Então significa que não houve crise, como disse o ministro? Cataldi discorda com veemência: “Bem, chegar à casa dos 16% [16,49% em 06/10/2021] de armazenamento no SE/CO e dizer que não houve uma crise energética deveria ser considerado como a fala de um leigo”. Ele aponta o uso intensivo de térmicas fora da ordem de mérito e os esforços do ONS para flexibilizar as restrições hídricas nas diversas bacias como argumentos adicionais a comprovar que a crise efetivamente existiu.
Histórico recente não favorece
Com base na evolução dos armazenamentos a partir de outubro e nas perspectivas hidrológicas, além das medidas que foram tomadas para favorecer a recuperação dos reservatórios sem afetar a oferta de energia, o ONS, na transição do período seco para o úmido, traçou cenários segundo os quais ao final de abril deste ano o armazenamento no SE/CO alcançará entre 55% e 58%.
Um levantamento feito pela Brasil Energia nos dados históricos do próprio Operador (Boletim Diário da Operação – BDO) a partir de 2015 mostrou que o resultado previsto pelo ONS foi alcançado apenas uma vez no período pesquisado.

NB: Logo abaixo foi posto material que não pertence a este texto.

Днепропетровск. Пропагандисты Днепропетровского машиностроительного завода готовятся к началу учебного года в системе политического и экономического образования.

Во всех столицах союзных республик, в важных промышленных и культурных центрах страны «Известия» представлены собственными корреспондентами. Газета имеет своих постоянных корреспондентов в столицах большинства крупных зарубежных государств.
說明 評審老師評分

Em 2015/2016, último período úmido excepcionalmente favorável, o armazenamento no subsistema SE/CO chegou a 1º de maio de 2016 com 57,60%, mesmo assim, partindo de um patamar já elevado em 1º de dezembro de 2015 (27,56%).

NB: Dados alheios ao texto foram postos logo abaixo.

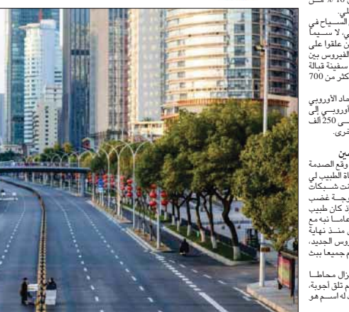
يبدو سباق محموم في أوروبا والولايات المتحدة بين كبرى مجموعات الأدوية للتوصل إلى لقاح وعلاج للوباء، وتختبر دول عدة دواء مشتقاً من الكاروتين، وهي مادة مستخدمة لعلاج الملايا

في 6 آذار، تخطت حصيلة الإصابات في العالم عتبة المليون. وكانت إيطاليا التي ضربها الوباء، بشدة بالغة، أول بلد بعد الصين يفرض تدابير حجر صارمة على مواطنيه، ما حوّل مندا مثل فينيسيا وروما وفيريزي تخض عداة بالسياح، إلى مدن أشباح. وروى أطباء إيطاليون أنهم مضطرون أسام تنفد أعداد المرضى إلى المستشفيات، إلى اختيار الصينيين الذين سيعالجونهم، بموجب الصينيين والوضع الصحي، كما في حالات الحرب، ما أثار صدمة عميقة في إيطاليا.
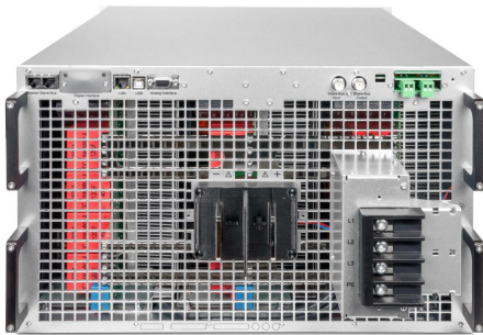
EPS/PUx 10000_6U rear

Em condições iniciais parecidas com as do atual período úmido, que partiu de 19,77% em 1º de dezembro de 2021, o melhor resultado é o de 2019/2020, quando o armazenamento na partida estava em 18,95% e os reservatórios do subsistema chegaram a 54,86% na abertura do período seco de 2020.

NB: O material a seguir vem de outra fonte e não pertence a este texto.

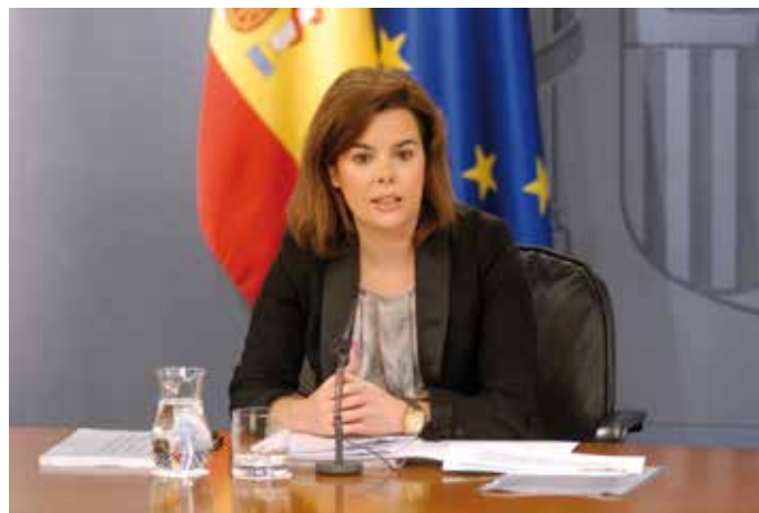
La Vicepresidenta anunció en un Consejo de Ministros la desaparición de más de 1.000 entes instrumentales locales.

Los redactores del informe consideran que los efectos de estas medidas se verán incrementados con la entrada en vigor este año de la

Naquele período, a aceleração aconteceu em fevereiro e março, quando o volume acumulado saiu de 24,90% em 01/02 para 51,56% em 1º de abril de 2020. Para este ano, se o comportamento de La Niña retomar o que era esperado no começo de dezembro passado, fevereiro e março seriam os meses menos favoráveis.
Mas, conforme ressaltado por Brandão, há outro dado que pode vir a favorecer o aumento do volume dos reservatórios, tanto no SE/CO quanto no Nordeste. É que o Plano de Contingência Para Recuperação dos Reservatórios do SIN, elaborado pela ANA em outubro do ano passado, restringiu em muito as defluências nos reservatórios estratégicos como Furnas, Itumbiara, Emborcação, Sobradinho e Serra da Mesa.
Mantidos os padrões de defluência, todos estabelecidos em resoluções específicas da agência que cuida das águas, o especialista avalia que o plano dará forte contribuição para que a meta do ONS seja alcançada. A contrapartida é a eventual necessidade de despacho maior de térmicas fora da ordem de mérito e suas consequências negativas sobre o preço da energia.

Renato Queiróz, do Instituto Ilumina, destaca outros pontos, pelo lado da demanda, que podem atrapalhar os planos de recuperação ou encarecer mais ainda a energia. Na sua avaliação, 2022 sendo um ano eleitoral, a tendência é de que haja alguma recuperação econômica impulsionada pelo ambiente de eleições gerais.
Na mesma direção, um possível alívio da pandemia, considerando a hipótese de baixa letalidade da variante Ômicron, seria outro fator de estímulo à retomada econômica. E a perspectiva de temperaturas mais elevadas na sequência do verão, diferentemente das que prevaleceram até agora, poderia ser outro fator a pressionar o consumo de energia. “Então, chegar a este ponto com 28% de acumulação [27,80% no dia 04/01/22] não é ainda para comemorar. Eu não estou otimista”.
A conclusão geral que fica é de que o clima de incertezas ainda prevalece, embora tenham surgido recentemente argumentos do lado positivo do ponto de vista do SIN.